Ramones Maniacs is a 2001 tribute album to the punk rock band the Ramones, released by Trend Is Dead! Records. The album's track list is an exact match of the band's 1988 compilation album Ramones Mania, which had been released by Sire Records. The album has 26 tracks, played by bands from across the United States, plus one from Australia and one from Canada.

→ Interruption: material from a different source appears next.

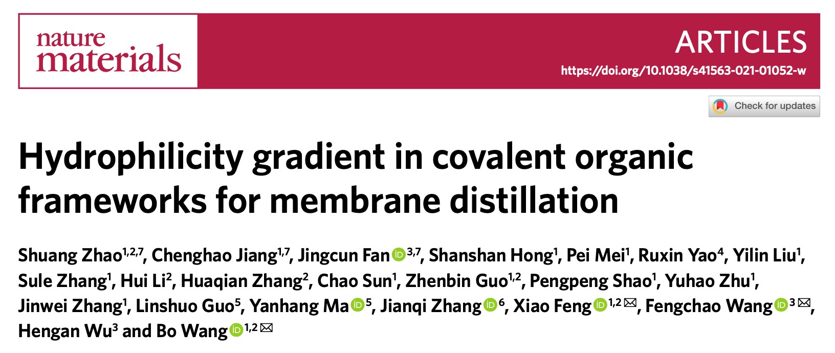 花椒直播 的王博教授和冯霄教授团队以具有规整贯穿纳米孔道的二维共价有机框架(COF)薄膜为基础,通过引入竞争性可逆共价键合策略,实现了孔道大小和孔内亲疏水环境随深度梯度变化的COFs薄膜的制备。利用COF薄膜限域纳米孔道中水蒸发的增强效应,实现了超高通量膜蒸馏海水淡化,颠覆了对MD膜材料需要大孔径孔道的传统认知,为开发下一代高性能MD分离膜提供了理论支持。相关成果以“Hydrophilicity gradient in covalent organic frameworks for membrane distillation”为题,发表在《Nature Materials》上,该文通讯作者是冯霄、王奉超、王博;第一作者是赵爽、蒋成浩、范竞存;本文实验部分由北理工完成,中科大王奉超团队利用分子动力学模拟为实验结果提供了强有力的理论支撑。

Ramones bassist Dee Dee Ramone plays on the track "Blitzkrieg Bop", along with the band of which he was then a member, Youth Gone Mad.

All artwork was created by Tim Bradstreet.

Cited as having the "Greatest Number of God-Awful Band Names" by Mark Prindle of SPIN magazine in 2009.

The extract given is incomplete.